It's a reasonably clean and intuitive interface. The major problem I'm having with it is its management of circles.
It's fine if you only have a few contacts or a few circles — you can drag and drop contacts onto your circles and hover over them to see who's in them. But once you have more than one row of circles and more than a couple of rows of contacts, it gets icky, pretty quickly. Want to see who's in one of your circles? Hmm, it only shows 13 (the first 13 you added?) when you hover over it. Want to add one of the 100-odd people you're connected with to a new circle? You can sort contacts (though I'm at a loss to explain how "sort by relevance" works), or scroll through rows of 7 contacts at a time until you find the person you want (time-consuming, and feels like a very inefficient visual search) — but a much better way is just to type the person's name in the search box at the top, though this will also show you people with similar names whom you don't know.

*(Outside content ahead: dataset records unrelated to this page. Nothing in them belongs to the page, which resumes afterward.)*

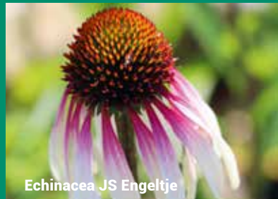
Echinacea JS Engeltje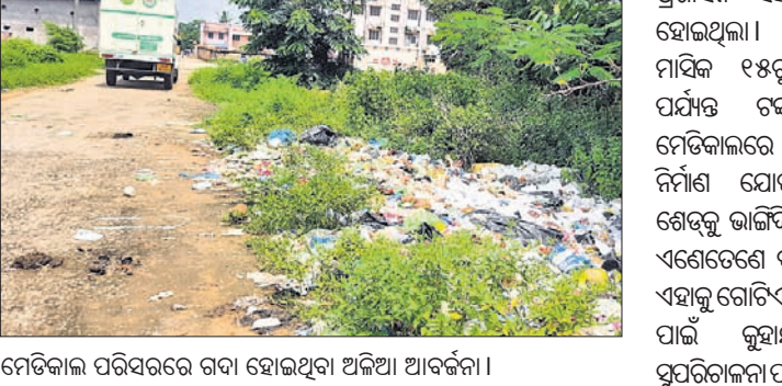
ମେଡିକାଲ ପରିସରରେ ଗଦା ହୋଇଥିବା ଅଳିଆ ଆବର୍ଜନା।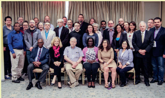
Miembros de la NARALO

La NARALO está formada por Estructuras de At-Large (ALS) que se reúnen en línea el segundo lunes de cada mes, y en forma presencial en las reuniones de la ICANN y en su Asamblea General. Nuestros miembros provienen de Estados Unidos, Canadá y Puerto Rico, y hablan inglés, francés y español. La ICANN ofrece becas a los participantes para que asistan a las reuniones públicas de la organización y así podamos tener una diversidad de voces.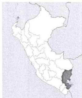
Ilustración 6: Mapa macro de la localización del Perú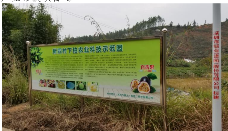
图三：新四村产业帮扶项目之二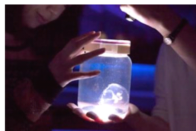
「ふわふわクラゲガール」

「ふわふわクラゲガール」は、夜の水族館でクラゲをじっくりと観察するプログラムです。毎週金曜日の夜に女性限定で行いますので、一週間の仕事が終わった後、ふわふわ漂うクラゲに癒されてみてはいかがでしょうか。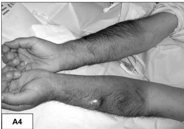
Fig. A4.—Disminución del edema masivo tras tratamiento.

concluyentes ni amplios que comparen ambas alternativas. Pese a que Quin y cols. 10 no encontraron diferencias entre la implantación de stent con angioplastia o angioplastia aislada, en la mayoría de los trabajos se refiere un mejor resultado con la asociación de stent intraluminal 1,2,7,11 . La evolución a medio plazo muestra datos dispares. La tasa de reestenosis al año oscila entre un 10 y un 43% según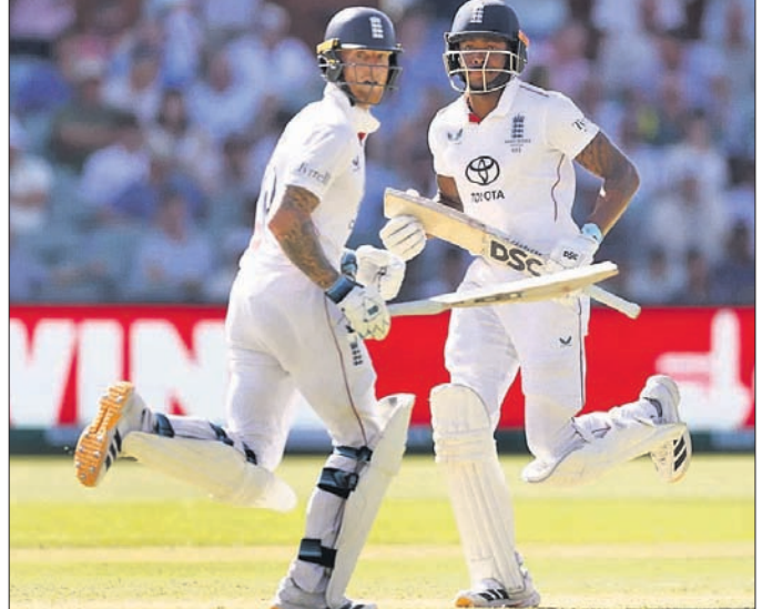
ବେନ୍ ଷ୍ଟୋକ୍ ଓ ଗୋଟ୍ରା ଆର୍ଟର।

ଭୁବନେଶ୍ୱର ଅଷ୍ଟ୍ରେଲିଆ ଟୀମ୍ ଅଧ୍ୟାପକ ପ୍ରଥମ ଇନିଂସ୍ ଫୋର୍ମାଟ୍ ୩୨୬/୮୭ ବ୍ୟାଟିଂ ଆରମ୍ଭ କରି ବଳକା ୨ ଉତ୍ତମକେନ୍ଦ୍ରୀ ଦକ୍ଷିଣ ଆମେରିକାରେ ୪୫ ରନ ଯୋଡ଼ିଥିଲେ। ପୂର୍ବଦିନ ଅପରାଜିତ ଥିବା ବ୍ୟାଟର ମିଚେଲ ଷ୍ଟାର୍କ ୪୪ ଓ ଏନ୍‌ଏଚ୍ ବୋଲୋ ୧୪ ରନ କରି ଆଡ଼େ ହୋଇଥିଲେ। ଇଂଲଣ୍ଡ ପକ୍ଷରୁ ଗୋଟ୍ରା ଆର୍ଟର ୫ ଉତ୍ତମକେନ୍ଦ୍ରୀ ହୋଇଥିବା ବେଳେ ବ୍ରାଡ଼ବେନ କାର୍ଯ୍ୟ ଓ ଫ୍ଲିଲ୍ କ୍ୟାମ୍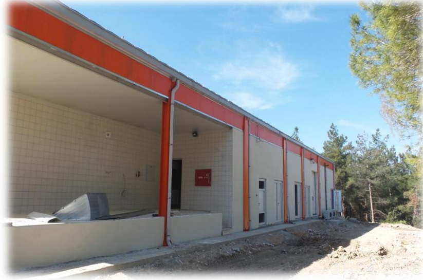
Veteriner Fakültesi Et Süt Ünitesi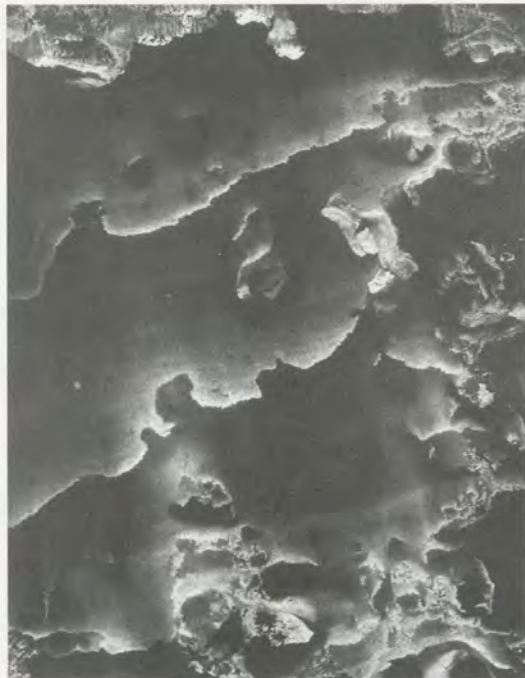
Décalcomanie by / von MARCEL JEAN. (from / aus: "Minotaure," No. 8, 1936)

Southwark, wechselt mit jeder Ausstellung das Thema und bezieht stets die Besucher ins Ausstellungsgeschehen ein. Im vergangenen Winter wurden in einer geistreichen, vielfältigen Schau zum Thema «The Unknown (Das Unbekannte)» ebenfalls Wahrnehmungsexperimente und esoterisch-unheimliche Künste miteinander verknüpft. 4) Im «Saal der Fragen» im Erdgeschoss waren Orakel aller Art aufgebaut. Der Besucher war aufgefordert, das Glücksrad zu drehen («Das Rad befürchtet das Schlimmste für Sie. Bleiben Sie zu Hause.»), wobei ihm in einer Reihe von Zigeunerwagen uralte Verfahren der Weissagung neben moderneren Methoden, Weisheit zu erlangen, angeboten wurden. Man konnte nach Belieben die Bibel oder das Fernsehen für Vorhersagen heranziehen und konnte sich im Salz-, Wachs-, Nabel- oder Feigenblattlesen versuchen. Im Obergeschoss waren in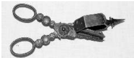
Předmět z výstavy Hádej, hádej, hadači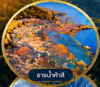
ธารน้ำห้ำสี่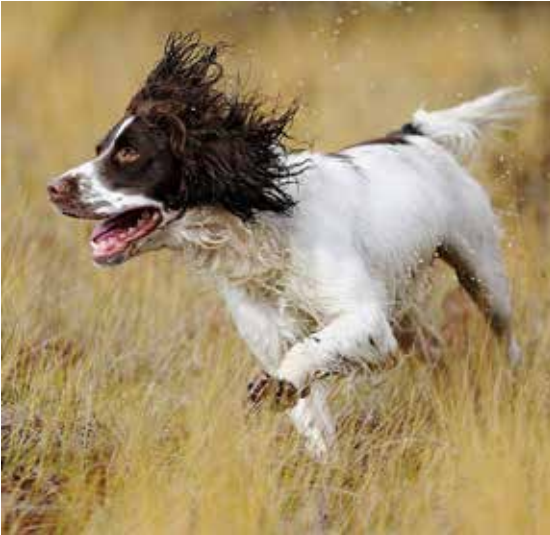
Prøvevinner Rogaland 3.11. NJCH Streamside`s Kill Devil.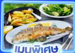
เมนูพิเศษ ปลาเกรดอย่าง

อัลสส์ตีทท์ เวียนนา อินส์บรุค ปราสาทนอยชวาสไตน์ ลูเซิร์น ริก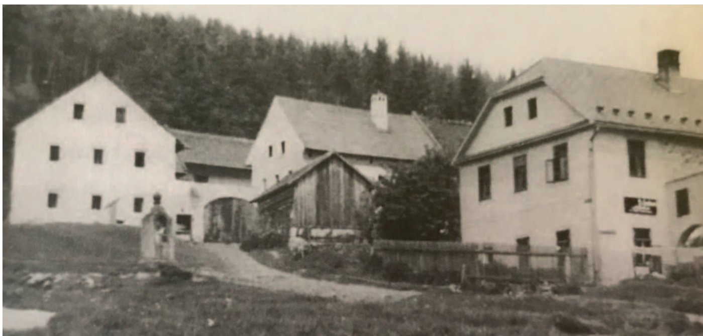
Žumberk ve 30. letech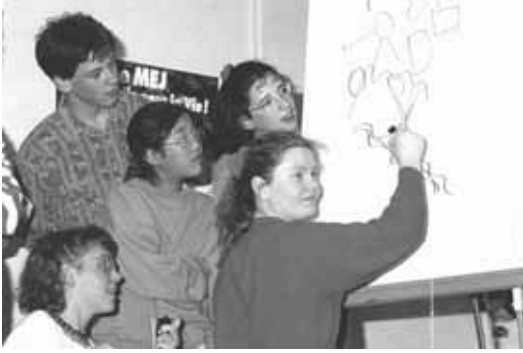
U ekipi svakome članu omogućava se da bude aktivan, da se izrazi na razne načine.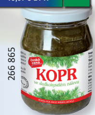
KOPR ST. S 240 ML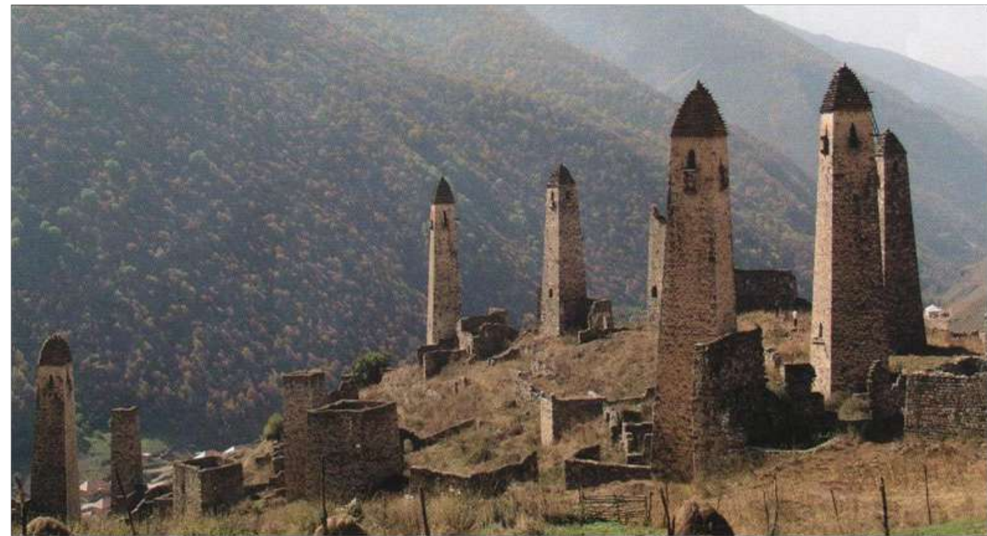
Башенный комплекс Эрзи

Развитие мелкотоварного производства в Джейрахском районе, включая возрождение народных ремёсел, с использованием пустующих площадей заброшенных башенных комплексов в бедных горных сёлах с размерами у основания от 82 кв.м в башне-убежище Магой Джел (Пастушья башня) и 142 кв. м в башнях Таргим и Эрзи, высота которых достигает 21 м, позволяет организовывать выставки-продажи изделий местных промыслов, предметов горного туризма, места питания экзотическими плодами, производство и реализацию блюд местной экологически чистой кухни (рис. 1).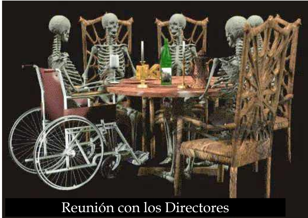
Reunión con los Directores

Aunque a algunos seguir intentando ese apoyo les lleve un poco de tiempo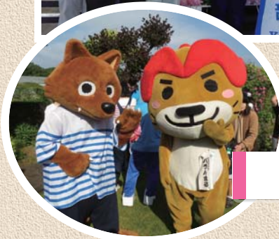
メーテレ ドデスカ! 出演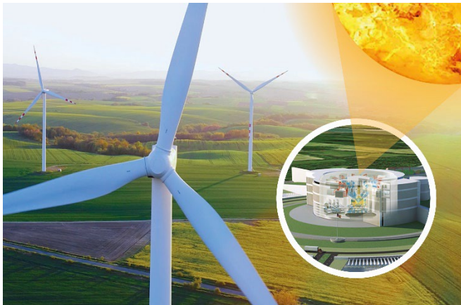
Bild 2: Fusionsenergie: saubere und nahezu unerschöpfliche Energiequelle der Zukunft.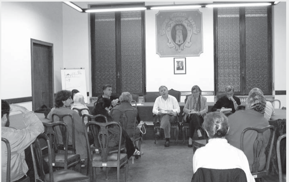
Incontro dell'Amministrazione con la popolazione in Sala Consiliare

Nel mese di Giugno, l'Amministrazione di Torre Pellice ha organizzato incontri con la popolazione per informare sul proprio operato, discutere dei problemi della città, raccogliere sollecitazioni e consigli.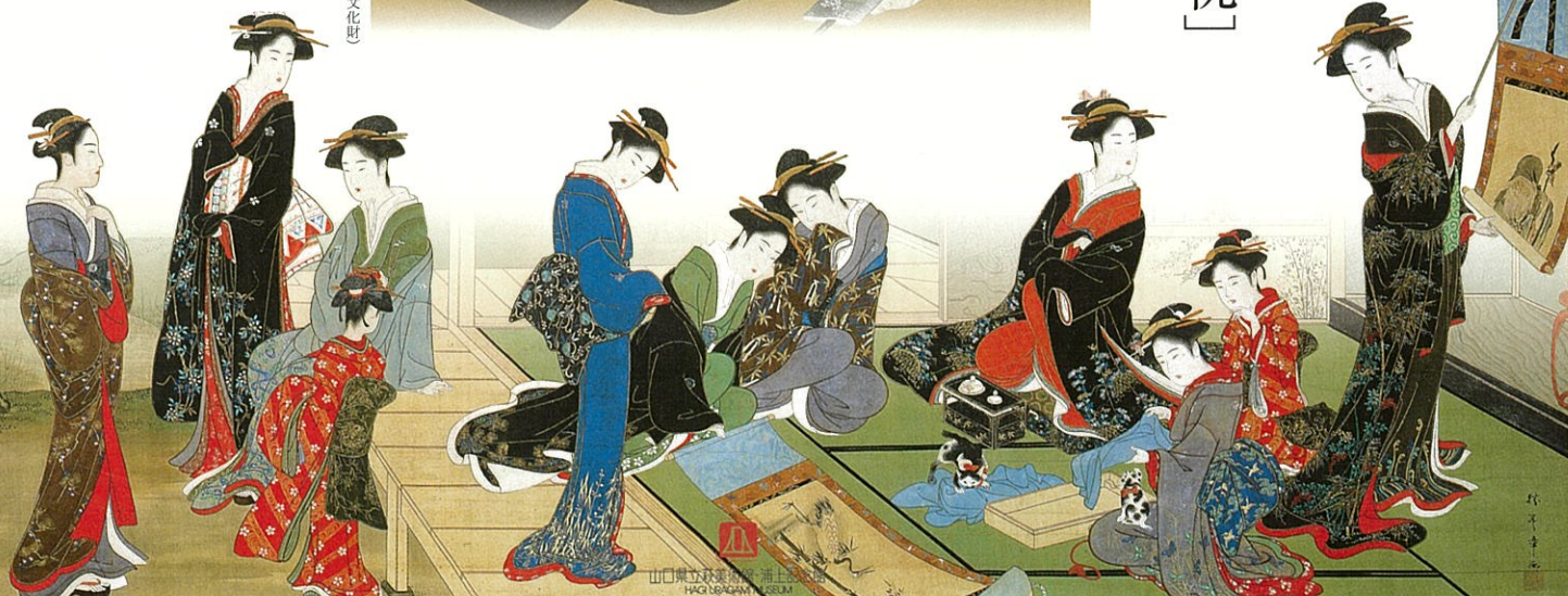
喜多川歌麿「大坂賣図」二福 絹本着色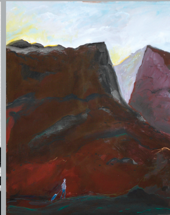
TILMAN ROTHERMEL Der Pass / Průsmyk, 2015, malba na papíře, 54 x 44 cm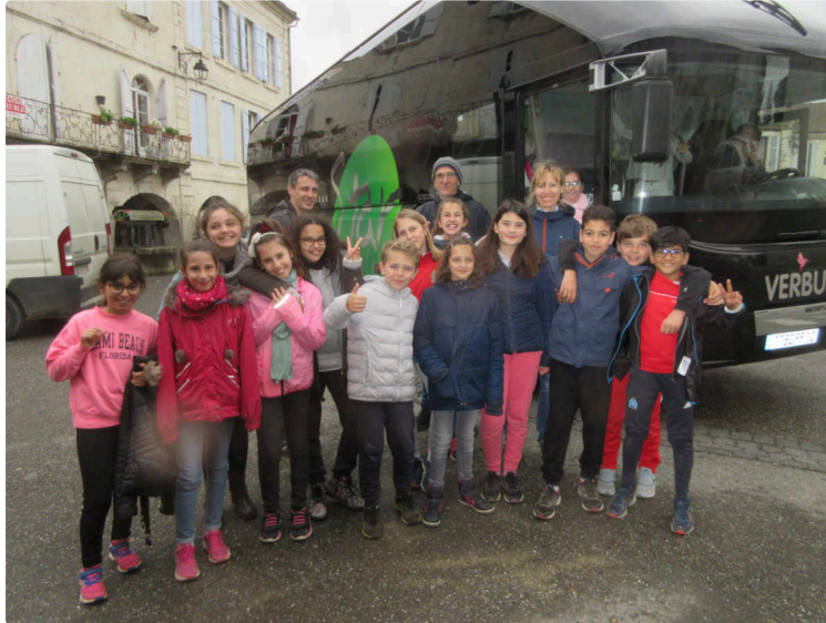
Faut-il vraiment se pencher sur son état de santé ?

La Bastide est-elle dans un état préoccupant ?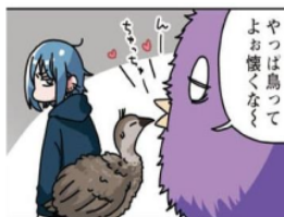
Gambar 9. Giseigo “ちゅっちゅ”

Pada gambar di atas terlihat papiru sedang mencium burung yang ada di panel 4 chapter 20. Suara papiru mencium burung ini dilambangkan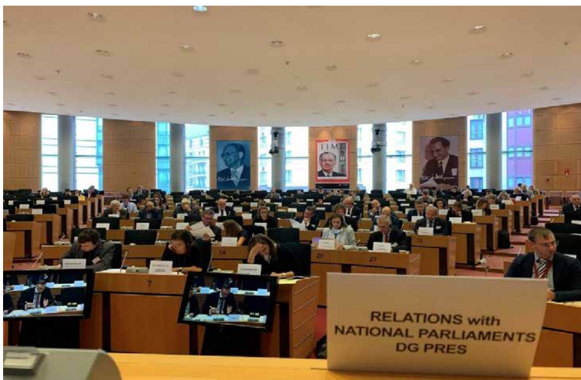
Živahna medparlamentarna razprava o evropskem semestru in njegovem vplivu na nacionalna gospodarstva

Dogodek je bil osredotočen na dve temi. Na prvi okrogli mizi je bilo obravnavano vprašanje resnične moči žensk v politiki in kako jo okrepiti, na drugi pa vprašanje mladih žensk v politiki. Seja je zagotovila svetovni forum za izmenjavo izkušenj in primerov dobre prakse za spodbujanje zastopanosti žensk v politiki. Zaključne besede je pripravila podpredsednica/visoka predstavnica Federica Mogherini. Opozorila je na sedanje nazadovanje v zvezi z enakostjo spolov in dodala, da si morajo za doseg tega cilja prizadevati tudi moški.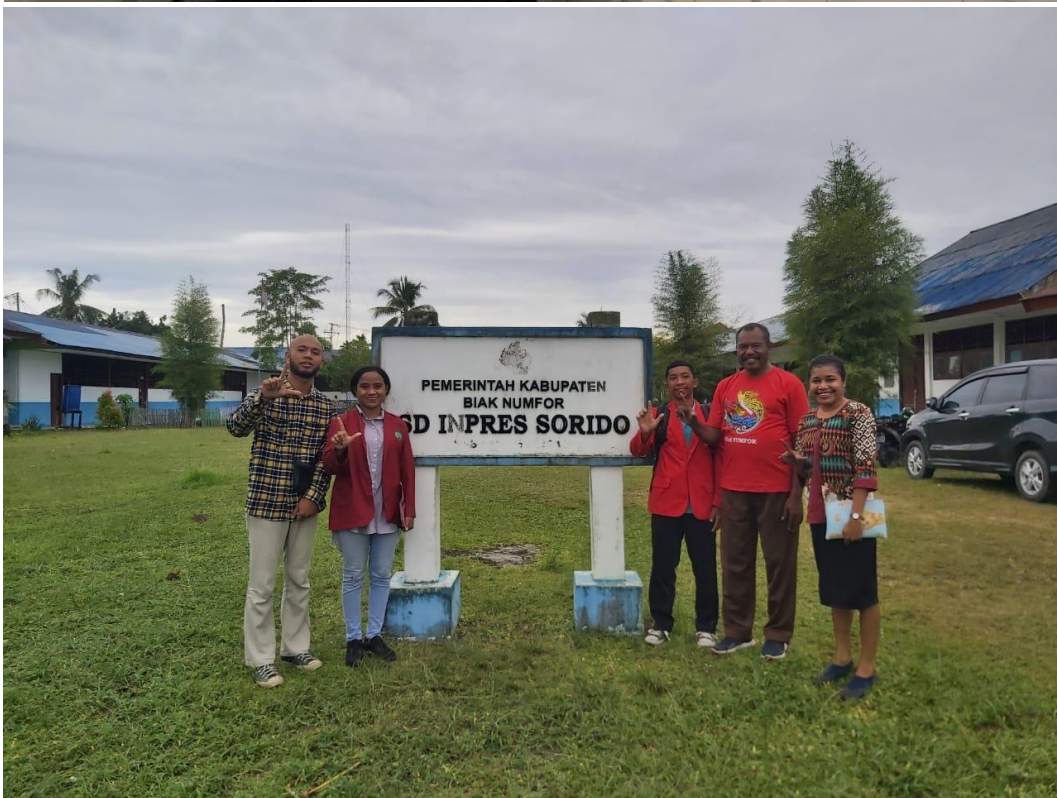
Gambar 3. Pendampingan Mahasiswa pada Dinas Pendidikan Kabupaten Biak Numfor dan SD Inpres Sorido Biak Kota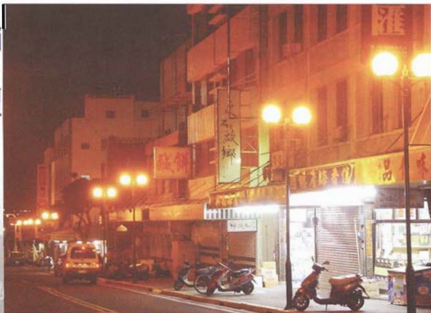
▲ 華航空難、SARS嚴重打擊澎湖觀光，著名的中正路商圈也不見遊客。

家，從床鋪底下就湧出石油，所以它的國民富可抵國」，而澎湖人的床鋪底下是汪洋大海，海洋的資源是「取之不盡，用之不竭」。我們要用大海改造澎湖的命運。現在是知識經濟時代，政府已加入WTO，澎湖的漁業受到衝擊，漁業的產量逐年遞減，已到了零成長的困境，再加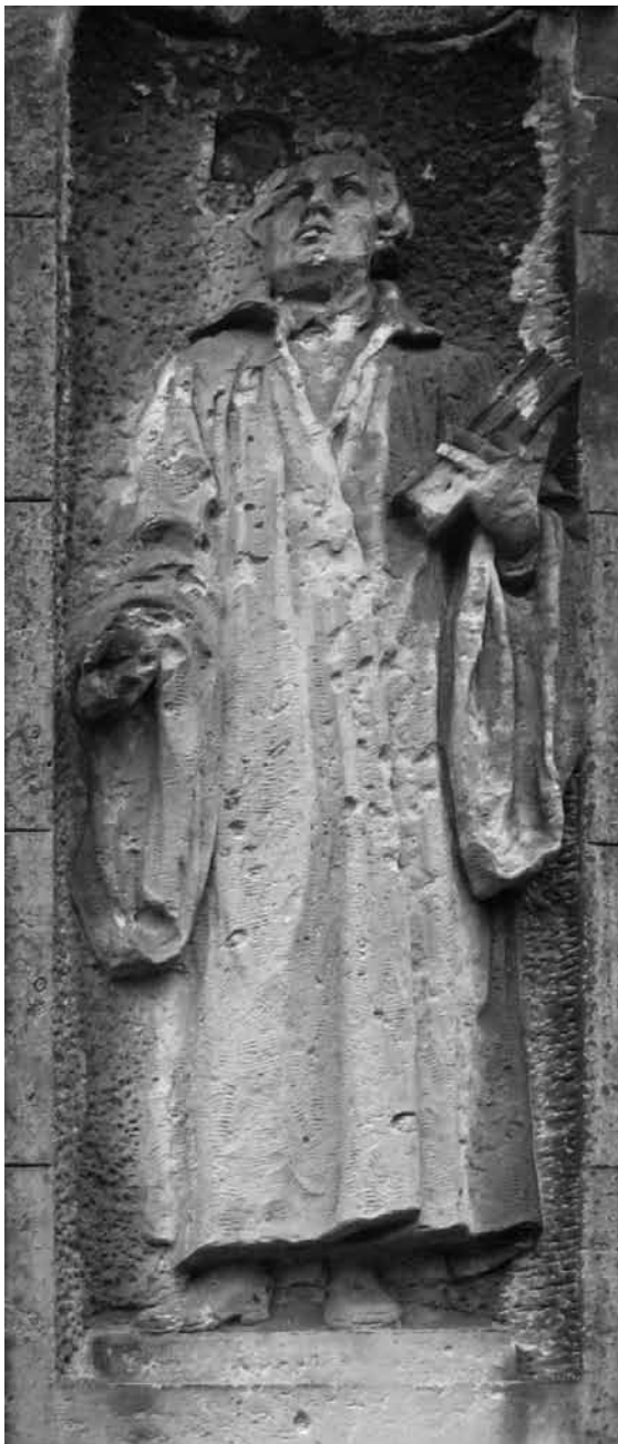
Reliéf Martina Luthera na secesním kostele v Hrobu (Klostergrab) z let 1900–1902. Po druhé světové válce byl kostel předán ČČS(H), dnes je zpustlý. Foto Z. R. Nešpor, 2009.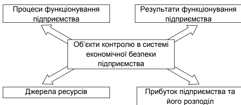
Рис. 2. Об'єкти контролю в системі економічної безпеки підприємства

Окреслимо зміст об'єктів контролю в системі економічної безпеки підприємства.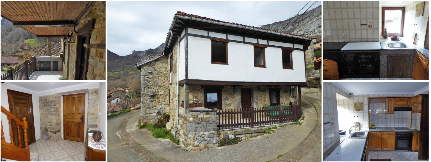
Dorfhaus in Calaeo

Ein schönes, bewohnbares altes Steinhaus zum Verkauf im schönen Dorf Calaeo, im Herzen des Naturparks Redes. Die Lage am oberen Rand dieses mittelalterlichen Dorfes garantiert einige fantastische Ausblicke und da dies das Ende des Tals ist, ist Ruhe garantiert, da keine vorbeifahrenden Autos die Ruhe stören. Die Straßen im Dorf sind eng, aber Sie können trotzdem direkt zum Grundstück fahren, das über eine Garage und einen praktischen Parkplatz an der Seite verfügt. Das Haus ist das Ende einer Reihe von Terrassen und ist sowohl nach Osten als auch nach Süden in Richtung der Berge ausgerichtet. Die schöne überdachte Terrasse vor dem Haus ist groß genug, um einen Sitzbereich unterzubringen, um diese atemberaubende Aussicht zu genießen, und es gibt auch eine kleine Küchenarbeitsfläche mit einigen Lagerschränken und einer Spüle, ideal für Grillabende im Freien.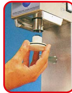
Der Druckkolben aus Makrolon® ist einfach zu entfernen für eine perfekte Reinigung

However, the worst aspect of circles management for me is that if you have more than one row of circles, the default view is that the bottom third of the screen becomes its own scrollable area and you have to scroll down within that to view those circles (or drag contacts into them). There also appears to be no way of sorting or moving your circles around (for example so that the most commonly used circles appear on the top line to avoid the need to scroll down so often) — this is crazy. Of course, you could delete them all and start again, but that loses its appeal once you have a great many contacts; very fiddly, and you'd have to keep track of who you'd already done and who you hadn't.
I like that the contacts listed on the circles page are sortable, and I like that the icons are visible to permit quick visual search. And broadly, I like the conceit of dragging and dropping contacts into circles. But I really don't think it scales well, as I've outlined here. Also, from a UI point of view. I'm not convinced that dividing the screen into two letterbox-style horizontal panes is the best way to manage the process: I'd rather have seen two vertical, scrollable panes, with sortable contact lists and sortable circles (it could still utilise drag and drop). Scrolling up and down inside two very wide, very shallow panes just isn't that great an experience.